PSYC 3032 M
Module 2’s topics relate to modelling (linear) relationships between variables to help address interesting questions like…
How does education affect earnings?
To what extent listening to ska music relates to dressing in black and white checkered clothing articles?
How strong is the relationship between taking PSYC3032 and being a billionaire?
What is the association between OCD and depression?
Does exercise influence psychological brain states, such as depression or anxiety?
Correlation and Simple Linear Regression
Before we dive into each topic separately, it’s useful to put both in the right context.
Correlation and simple regression are often used interchangeably, but there are key conceptual differences (but not mathematical) between them.
Correlation describes the strength of the (primarily linear) relationship or association between two variables
Correlation is used mainly as a descriptive statistic, to quantify an association, but NOT saying anything about causation
Though, as it turns out, the math required to obtain correlation estimates requires the same information used in…..you guessed it, simple linear regression!

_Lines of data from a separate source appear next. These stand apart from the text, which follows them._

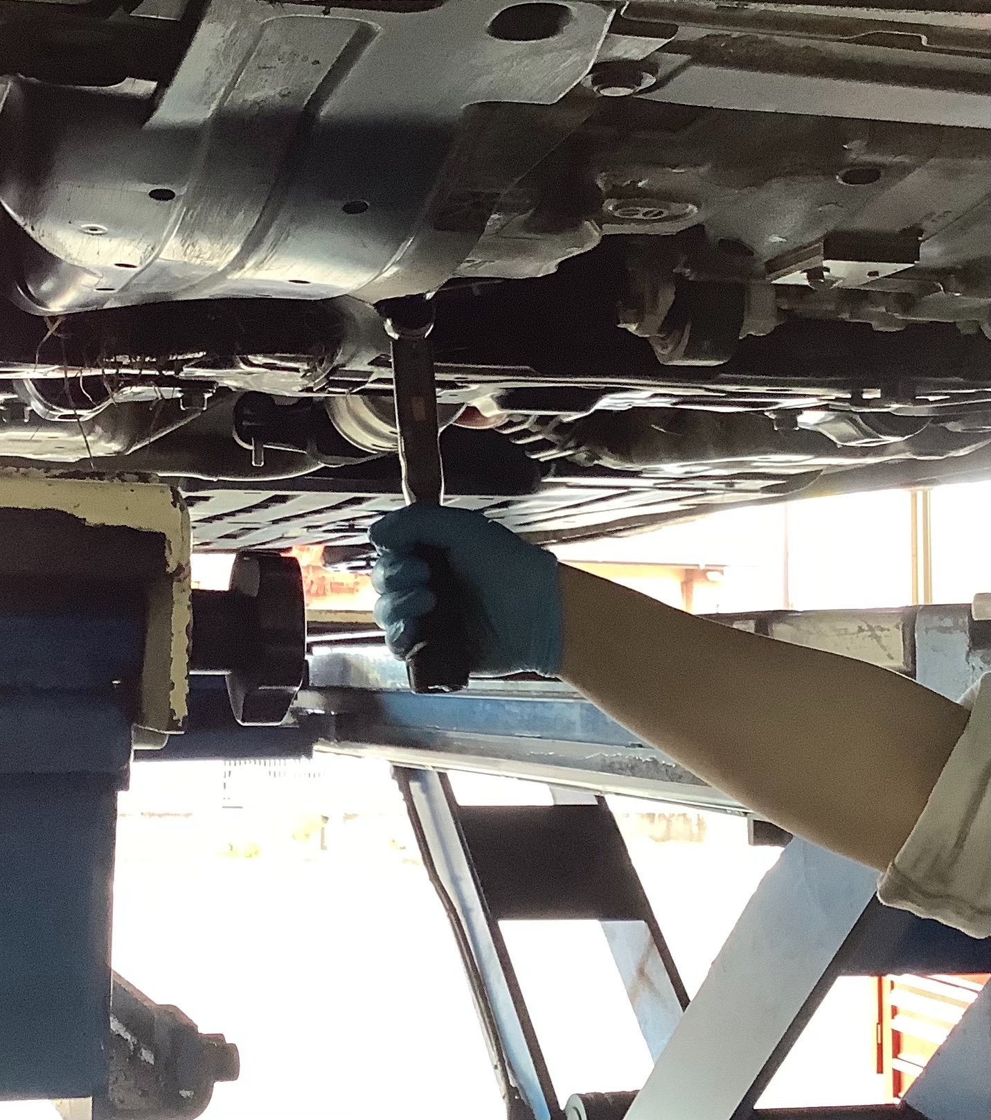 最後にドレンボルトからのオイル漏れなどの最終チェックを行います。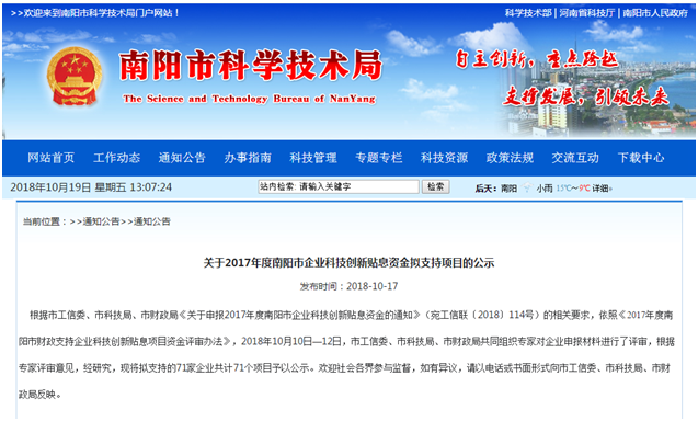 根據(jù)市工信委、市科技局、市財政局《關(guān)于申報2017年度南陽市企業(yè)科技創(chuàng)新貼息資金的通知》(宛工信聯(lián)〔2018〕114號)的相關(guān)要求,依照《2017年度南陽市財政支持企業(yè)科技創(chuàng)新貼息項(xiàng)目資金評審辦法》,2018年10月10日—12日,市工信委、市科技局、市財政局共同組織專家對企業(yè)申報材料進(jìn)行了評審,根據(jù)專家評審意見,經(jīng)研究,現(xiàn)將擬支持的71家企業(yè)共計71個項(xiàng)目予以公示。歡迎社會各界參與監(jiān)督,如有異議,請以電話或書面形式向市工信委、市科技局、市財政局反映。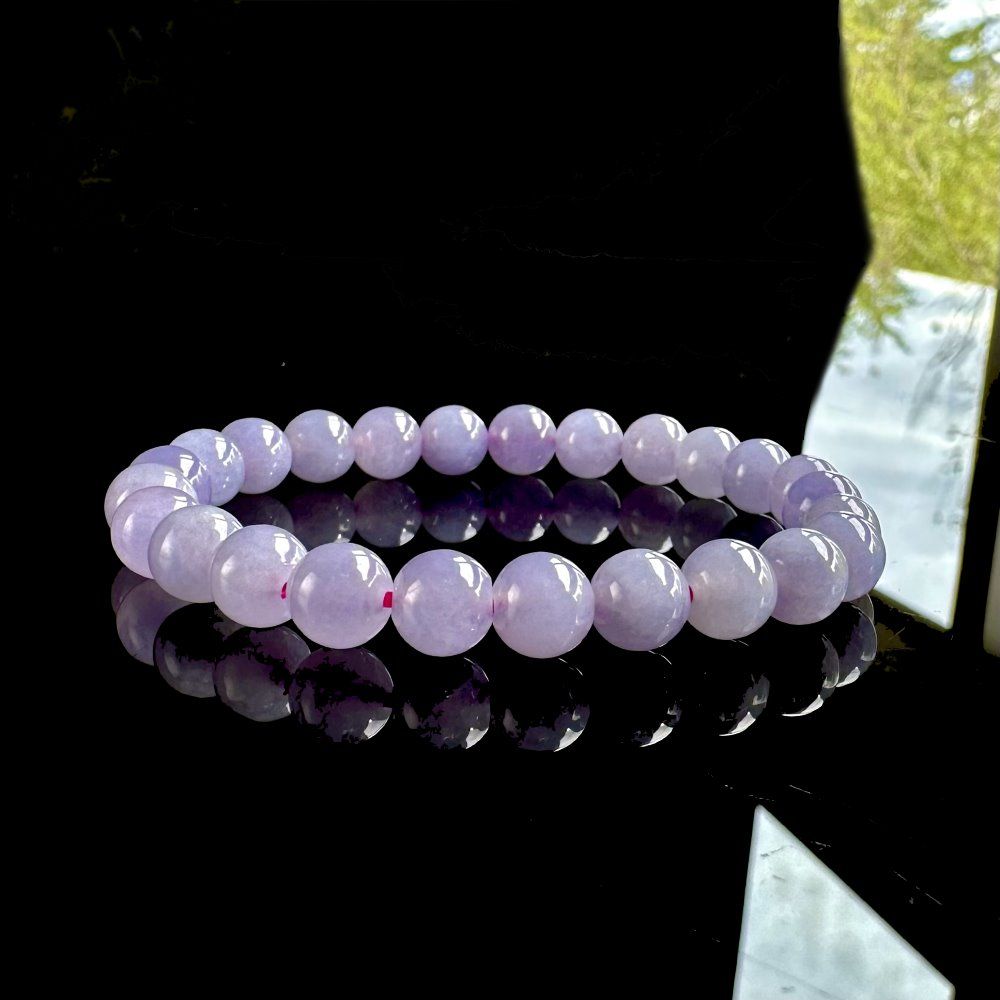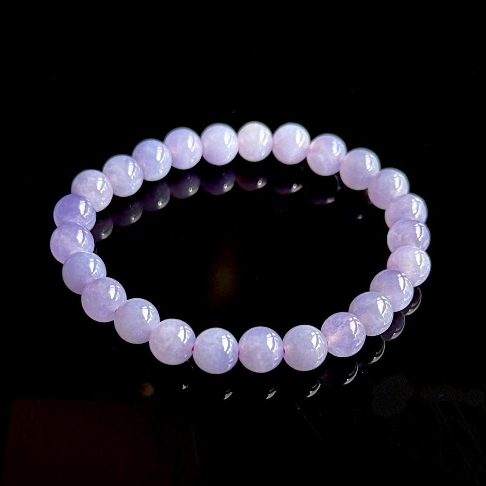 一つひとつ珠円玉潤、氷透き紫藤色は濃厚ロマンチック。腕に着ければ神秘で甘やかな魅力が際立つ。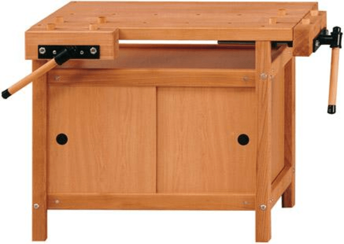 Hinweis: Praktisches Schränkchen mit Schiebetüren unter der Hobelbankplatte.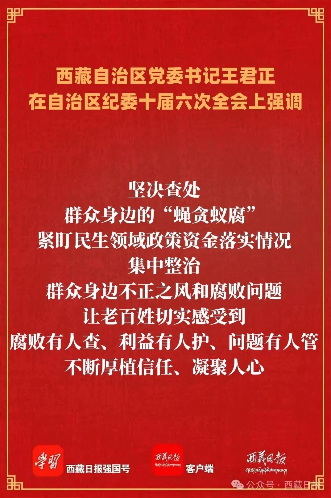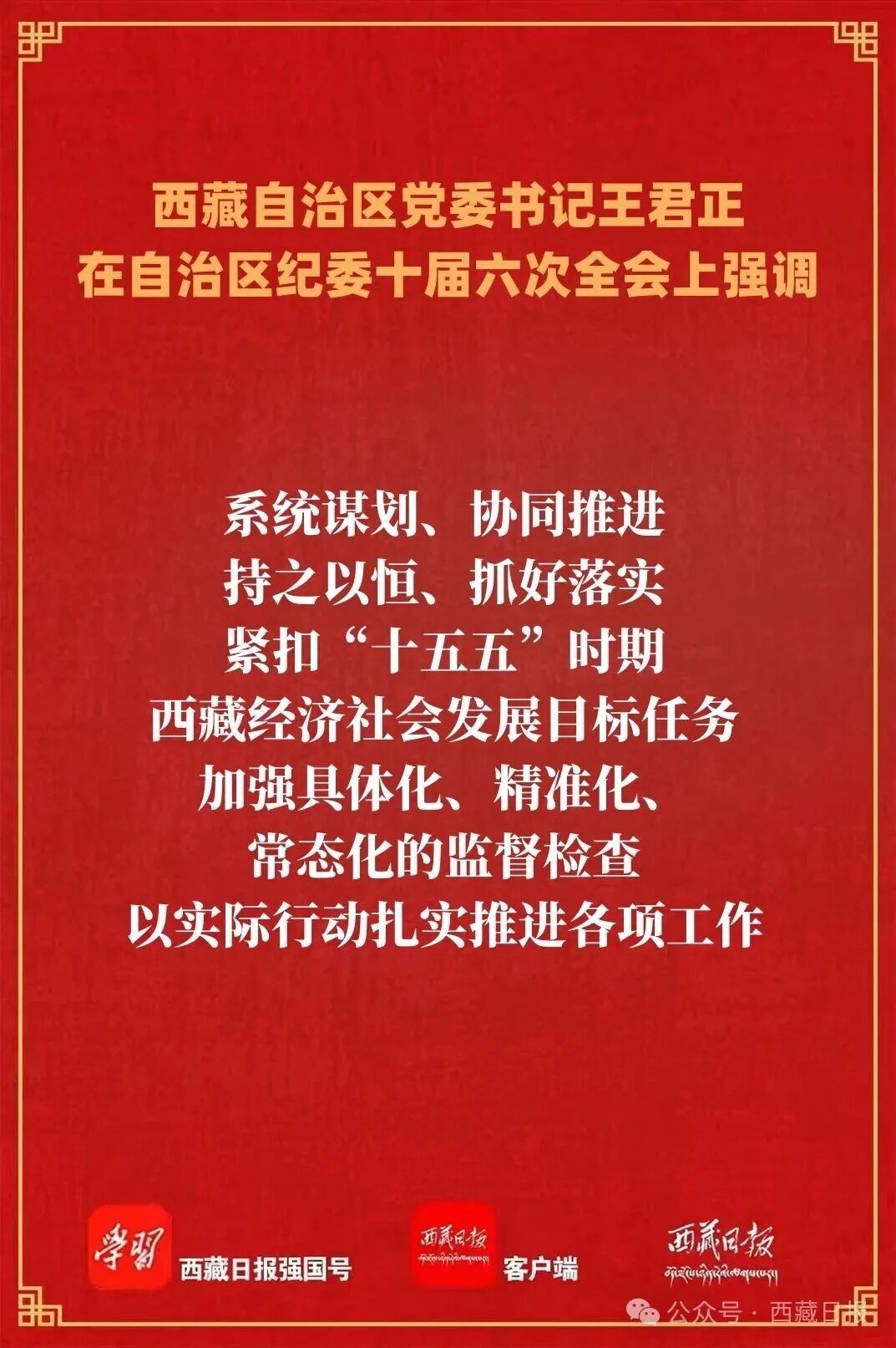 1月16日至17日,自治区纪委十届六次全会在拉萨召开。自治区党委书记王君正出席并讲话。他强调,要认真学习贯彻习近平总书记关于党的建设的重要思想、关于党的自我革命的重要思想,深入贯彻落实二十届中央纪委五次全会精神特别是习近平总书记重要讲话精神,以更高标准、更实举措推进全面从严治党和反腐败斗争,努力营造风清气正的政治生态,为实现“十五五”时期目标任务、建设社会主义现代化新西藏提供坚强保障。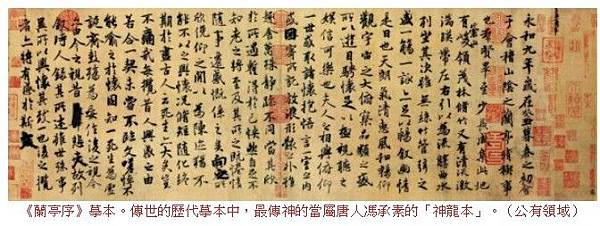 《蘭亭序》摹本。傳世的歷代摹本中,最傳神的當屬唐人馮承素的「神龍本」。(公有領域)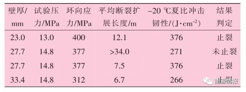 在俄方的試驗(yàn)方案設(shè)計中,試驗(yàn)段由中間一根起裂管、兩側(cè)各三根試驗(yàn)管和外側(cè)各一段70m長儲氣管段組成。主要采集的數(shù)據(jù)包括裂紋長度、裂紋擴(kuò)展速度等。由于不是采用天然氣而是采用空氣進(jìn)行爆破試驗(yàn),采用了不高于-20℃的試驗(yàn)溫度,以及相當(dāng)于1.25~1.5倍工作壓力的試驗(yàn)壓力,以期抵消采用空氣作為試驗(yàn)介質(zhì)的影響,從而獲得較為保守的試驗(yàn)數(shù)據(jù)。其中一次成功止裂的情況如上圖所示,典型試驗(yàn)數(shù)據(jù)見下表。

Note that correlation is cause-blind (association\(\neq\)causation), we often graph the relationship with double-sided arrows (i.e., we don’t know/care about why they relate, we just know they vary together)
Regression models, on the other hand, are necessarily directional (one-sided arrow), meaning, we make a statement/assumption about what causes/affects what (e.g., X2 leads to Y2)
Covariance and Correlation
Before we define correlation, which is, in fact, a standardized effect size measure, we should first talk about covariance, the unstandardized sibling of correlation
Covariance is the smallest building block of all GLMs and other advanced statistical techniques (e.g., SEM, MLM); you can think of it as an atom—the fundamental unit from which statistical models are built
By now you should know that each variable has its own variance—which describes the spread of the individual observations on that particular variable
\[VAR(X)=\frac{\sum (x_i-\bar{x})^2}{N-1}= \frac{\sum (x_i-\bar{x})(x_i-\bar{x})}{N-1} \]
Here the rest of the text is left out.